A question regarding a proof pertaining to: for all $n\in\omega$, $(\aleph_{n+1})^{\aleph_0}\leq\aleph_{n+1}\cdot(\aleph_n)^{\aleph_0}$

Question

I would like to show:

for all $n\in\omega$, $(\aleph_{n+1})^{\aleph_0}\leq\aleph_{n+1}\cdot(\aleph_n)^{\aleph_0}$

Actually I see this problem can be solved using the approach Brian Scott uses here:

For every $n < \omega$, $\aleph_n^{\aleph_0} = \max(\aleph_n,\aleph_0^{\aleph_0})$

Most unfortunately, Brian hasn't been here for over a year (hope he's OK), so perhaps someone would explain one aspect of his proof:

Now consider a function $\varphi:\aleph_0\to\aleph_m$; $\aleph_m$ is an uncountable regular cardinal, so $\sup\{\varphi(k):k\in\aleph_0\}<\aleph_m$, and $\varphi$ actually maps $\aleph_0$ into $\eta$ for some ordinal $\eta<\aleph_m$.

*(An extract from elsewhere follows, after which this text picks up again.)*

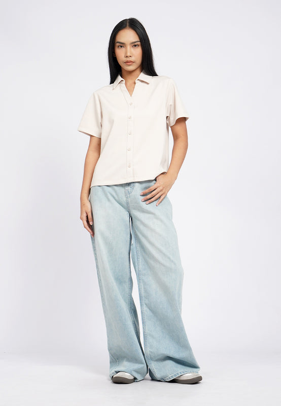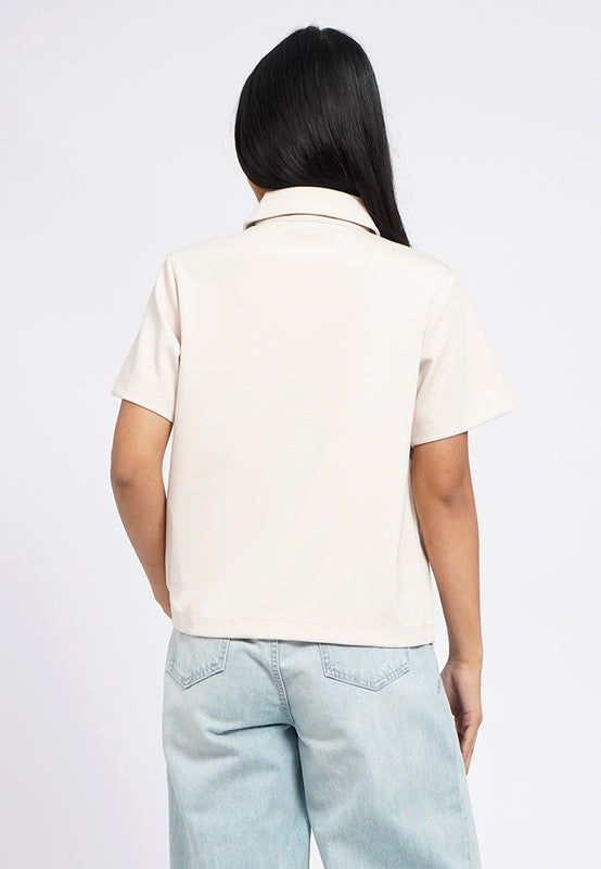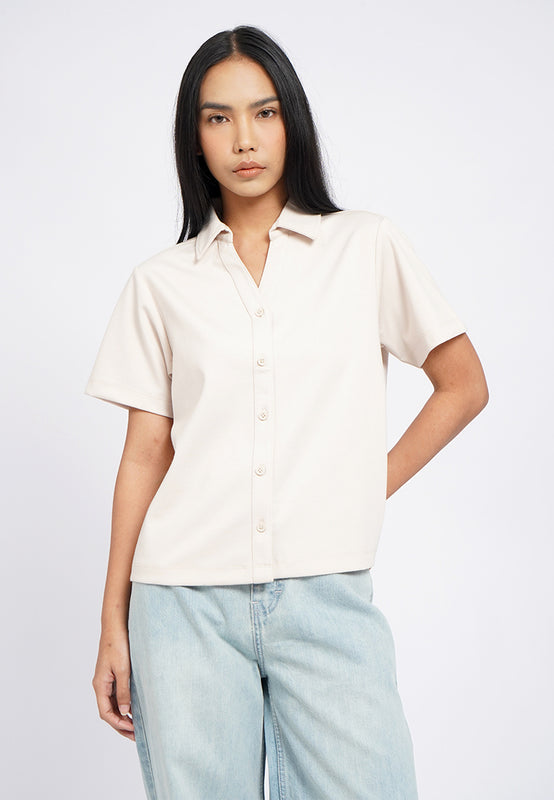 Atasan lengan pendek, V-neck with collar, Front button opening, Material: Double Knit, Fit: Regular, Color: Ecru, Model info: Model Wearing Size S for Top, Size S for Pants, Model Height 165 cm, Bust: 86 cm, Waist: 63 cm, Hips: 78 cm

My question is why, since $\aleph_m$ is an uncountable regular cardinal, its cofinality is $\aleph_m$, so why is the $\text{sup}$ less than $\aleph_m$?

Answer 1

Suppose for a contradiction that $\sup \{\varphi(k):k\in\omega\}$ is $\aleph_m$. Then, the sequence of sets $\bigcup_{k\in\omega}\{\varphi(j):j\leq k\}$ is cofinal in $\aleph_m$ and has length $\aleph_0$. This contradicts the regularity of $\aleph_m$ ($m\neq 0$ since $\aleph_m$ is an uncountable cardinal).